Marilyn Wilson of the northern Adirondack Mountains of New York has a seven-year-old German Shepherd Dog, Annie, who was diagnosed with EPI (exocrine pancreatic insufficiency) two years ago. Wilson feeds a home-cooked diet that works well for Annie, though many dogs with EPI do not do well with fiber or grains. Following is Wilson’s description of what she feeds Annie per meal, twice a day:

I start with ½ pound of cooked meat, rotating between chicken, pork, beef, venison, rabbit, turkey, and fish (canned salmon, jack mackerel, and sardines packed in water). I’ve recently begun using chicken and beef heart along with muscle meat. I usually feed one protein for a week, then switch to another, with canned fish fed once a week. I grind the cooked meat in a food processor for easier digestibility because of Annie’s EPI.

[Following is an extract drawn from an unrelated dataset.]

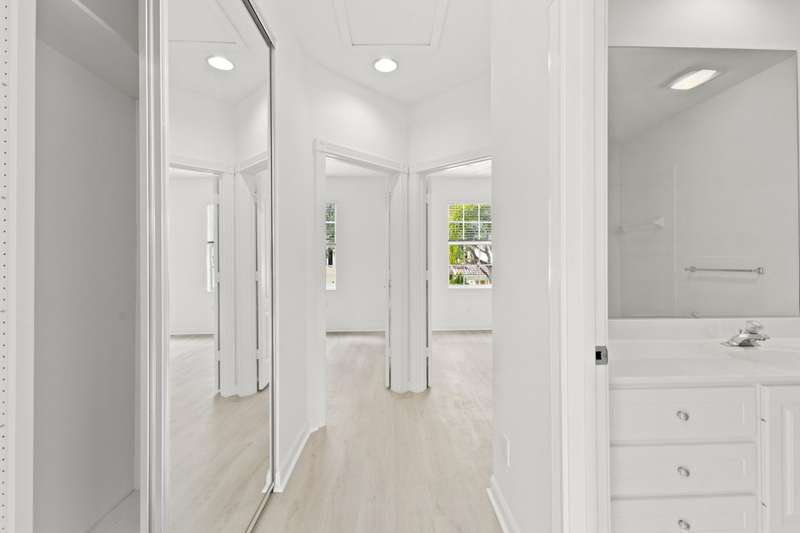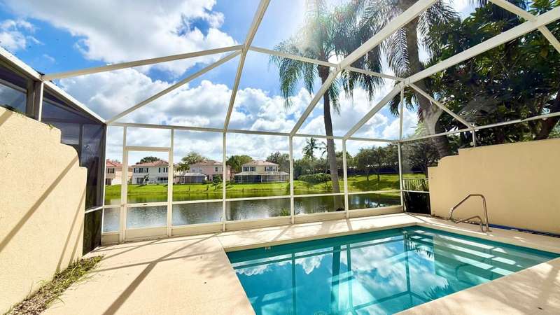 Beautifully maintained 3 bedroom, 2.5 bathroom townhome with 1-car garage in the highly desirable RiverWalk community. This bright and spacious home features brand new luxury vinyl plank flooring, fresh paint throughout, and a screened private pool overlooking the lake. The principal suite offers a large walk-in closet and an en-suite bathroom with dual sinks, soaking tub, and separate walk-in shower. Two guest bedrooms share a full bath, plus there is a convenient laundry room with full-size washer and dryer. Rent includes cable, internet, pool service, and access to all of RiverWalks resort-style amenities. Immaculate and move-in ready!

I add ¾ cup of starchy carbohydrates, rotating between brown rice, sweet potato, quinoa, spelt, and whole-grain pasta. I overcook the grains for better digestibility. Sweet potatoes are baked and fed with the skins.

I also include 1/8 cup of fresh, raw veggies, herbs, and fruits, such as celery, spinach, parsley, cilantro, carrots, green beans, other dark leafy greens, and berries. These are pureed in a food processor. Occasionally I include nuts (such as walnuts, but never macadamia nuts, which are poisonous to dogs), or canned clams or oysters.

I add 1 teaspoon of oil, rotating among fish oil, olive oil, safflower oil, and butter, with the emphasis on fish oil.
I feed about half a pound of raw, organic liver a week, spread out over multiple meals, as too much at one time leads to loose stools. Annie doesn’t do well with eggs or cottage cheese, so I leave those out of her diet, but I often add some plain, low-fat yogurt to meals. I also give her appropriate human leftovers. Each meal is mixed with a cup of warm, filtered water, along with Annie’s prescription digestive enzymes.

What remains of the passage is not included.